I started off trying to do a post about determinism, and it's religious equivalent, predestination. But I soon found I was having to spend too many words trying to describe wave-particle duality and quantum uncertainty, so I'll try hiving that off into this post. So here we go, one of the deepest, most mysterious and least understood areas of modern physics, explained for the intelligent non-scientist in a little under 750 words! And a jolly nice picture of a t-shirt to boot.
So, what's wave-particle duality all about? Essentially it just says that things (more later about what 'things') sometimes act like a waves - spreading out, reflecting, refracting, diffracting, interfering with other waves, that sort of thing - and sometimes act like particles, travelling in straight, narrow lines, bouncing off one another, and so on, rather like billiard balls (or pool balls).

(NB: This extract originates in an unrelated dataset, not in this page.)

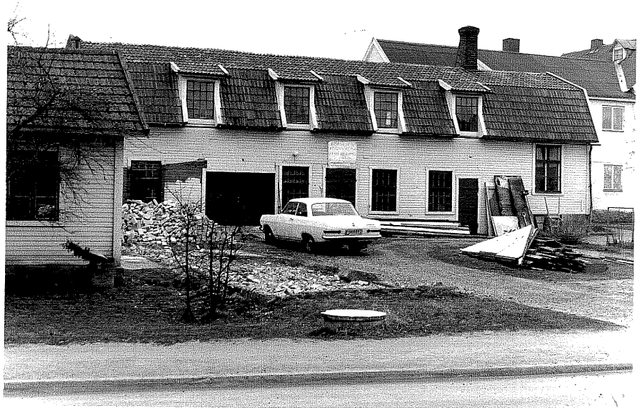
Uthus c fr.N,4:5.

Victorian-era scientists 'knew' that light was a wave and that atoms and electrons were particles. They also 'knew' that the job of scientists was pretty much over, as all scientific principles had been discovered ... this was before electronics, before the nuclear atom, before relativity, before television. It's amazing what people 'know' sometimes. Around about a century ago several (mostly young) scientists spoilt the party by discovering that the world is a lot stranger than anyone had realised.
A guy called Max Planck threw the first spanner in the works by showing that when a body (such as the filament of a light bulb) emits light, it does so in discrete lumps, known as photons, whose energy depends only on the frequency of the light. Then Albert Einstein showed that when light was absorbed by metal, kicking out an electron in the photoelectric effect, it was also absorbed in photons. Essentially light is created as particles, travels in waves, and is absorbed as particles again. This was revolutionary and took a long time to be accepted. Nevertheless, when the experiments were carried out that is what they showed: light behaves as waves in some circumstances but as particles in others.
Particles rule okay? Well, no, not really. A few years later, Neils Bohr - who didn't actually believe in photons - showed that electrons in an atom orbit around a dense, positively charged, central nucleus, but they can only do so in certain discreet orbits. So the electron can't zoom around any old where. Years later Louis de Broglie showed that these allowed orbits could be explained if the electrons behaved like waves which were only stable if their orbit was a whole number of wavelengths. I.e. at the end of one orbit around the nucleus the wave function was exactly back where it started. He generalised this to say that all moving particles can be described as matter waves, a hypothesis which was later demonstrated to be true when electrons were fired through a diffraction grating, resulting in a wave interference pattern. So, electrons, amongst other things, behave as particles in some circumstances but as waves in others.
All very well and good, but where does determinism come into it? Well, the essence of determinism is that the laws of nature are completely predictable: if you could know the exact properties of every entity in the universe at any one time, you could predict their properties at every other time. In other words, determinism says: "everything is fixed and you can't change it".
Erwin Schrödinger and Werner Heisenberg extended de Broglie's work and made it more precise. In doing so they had to deal with a difficulty in the transition from wave-like behaviour to particle-like. A wave is spread out whereas a particle is at a single location. Somehow the wave function of a matter wave must 'collapse' into a particle at a point. They showed that the matter wave acted as a probability distribution: the actual position in which a particle appeared was random, more likely where the matter wave was biggest, less likely where it was smaller, but still essentially indeterminate.
Einstein and de Broglie both hated this randomness; Einstein famously said that "God does not play dice with the universe". The trouble is that as the years go on and as quantum theory becomes more refined and more tested, that fundamental randomness remains. The transition from wave behaviour to particle behaviour is inherently unpredictable.
Our best scientific description of the universe is that its behaviour is not predetermined; there is room for free will.